=== About this task ===
Where does the word "with" appear in the entries below? Copy each line that holds it.

[Stored records]
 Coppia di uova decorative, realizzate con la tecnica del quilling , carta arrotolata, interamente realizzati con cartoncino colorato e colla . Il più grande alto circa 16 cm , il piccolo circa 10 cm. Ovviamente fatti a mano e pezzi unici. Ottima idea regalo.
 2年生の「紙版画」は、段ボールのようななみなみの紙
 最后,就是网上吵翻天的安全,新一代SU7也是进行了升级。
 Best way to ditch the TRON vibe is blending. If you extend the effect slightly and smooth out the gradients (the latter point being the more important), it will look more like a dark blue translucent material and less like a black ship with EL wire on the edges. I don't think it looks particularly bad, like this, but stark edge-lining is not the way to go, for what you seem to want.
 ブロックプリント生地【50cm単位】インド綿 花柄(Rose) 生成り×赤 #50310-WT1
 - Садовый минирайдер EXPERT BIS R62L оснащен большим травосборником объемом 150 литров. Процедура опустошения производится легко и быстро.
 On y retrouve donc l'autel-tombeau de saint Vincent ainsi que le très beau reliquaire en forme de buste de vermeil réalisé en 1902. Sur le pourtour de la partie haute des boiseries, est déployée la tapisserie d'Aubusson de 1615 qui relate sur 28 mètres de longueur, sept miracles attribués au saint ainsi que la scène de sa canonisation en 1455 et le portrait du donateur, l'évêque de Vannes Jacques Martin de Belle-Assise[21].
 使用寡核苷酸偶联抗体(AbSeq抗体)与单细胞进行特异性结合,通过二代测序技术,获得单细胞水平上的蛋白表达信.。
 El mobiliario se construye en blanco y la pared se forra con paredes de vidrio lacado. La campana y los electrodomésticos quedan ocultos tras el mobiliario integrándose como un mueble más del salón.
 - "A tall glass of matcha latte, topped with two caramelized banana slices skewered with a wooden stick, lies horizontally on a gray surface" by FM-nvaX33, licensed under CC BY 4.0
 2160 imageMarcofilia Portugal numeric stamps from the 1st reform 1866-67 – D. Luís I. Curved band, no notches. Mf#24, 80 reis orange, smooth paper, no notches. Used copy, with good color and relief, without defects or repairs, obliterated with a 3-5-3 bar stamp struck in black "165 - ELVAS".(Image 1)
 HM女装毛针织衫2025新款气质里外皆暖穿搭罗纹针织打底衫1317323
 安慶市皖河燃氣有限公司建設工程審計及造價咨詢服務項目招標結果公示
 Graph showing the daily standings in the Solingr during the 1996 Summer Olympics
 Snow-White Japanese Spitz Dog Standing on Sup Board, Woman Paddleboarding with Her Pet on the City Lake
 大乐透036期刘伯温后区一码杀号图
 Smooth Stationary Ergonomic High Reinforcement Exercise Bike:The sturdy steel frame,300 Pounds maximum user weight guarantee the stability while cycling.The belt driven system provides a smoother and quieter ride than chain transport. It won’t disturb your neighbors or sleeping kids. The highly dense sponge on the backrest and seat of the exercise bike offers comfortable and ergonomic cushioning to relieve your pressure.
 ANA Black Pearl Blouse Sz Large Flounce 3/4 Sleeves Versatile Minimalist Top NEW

=== Result ===
 Best way to ditch the TRON vibe is blending. If you extend the effect slightly and smooth out the gradients (the latter point being the more important), it will look more like a dark blue translucent material and less like a black ship with EL wire on the edges. I don't think it looks particularly bad, like this, but stark edge-lining is not the way to go, for what you seem to want.
 - "A tall glass of matcha latte, topped with two caramelized banana slices skewered with a wooden stick, lies horizontally on a gray surface" by FM-nvaX33, licensed under CC BY 4.0
 2160 imageMarcofilia Portugal numeric stamps from the 1st reform 1866-67 – D. Luís I. Curved band, no notches. Mf#24, 80 reis orange, smooth paper, no notches. Used copy, with good color and relief, without defects or repairs, obliterated with a 3-5-3 bar stamp struck in black "165 - ELVAS".(Image 1)
 Snow-White Japanese Spitz Dog Standing on Sup Board, Woman Paddleboarding with Her Pet on the City Lake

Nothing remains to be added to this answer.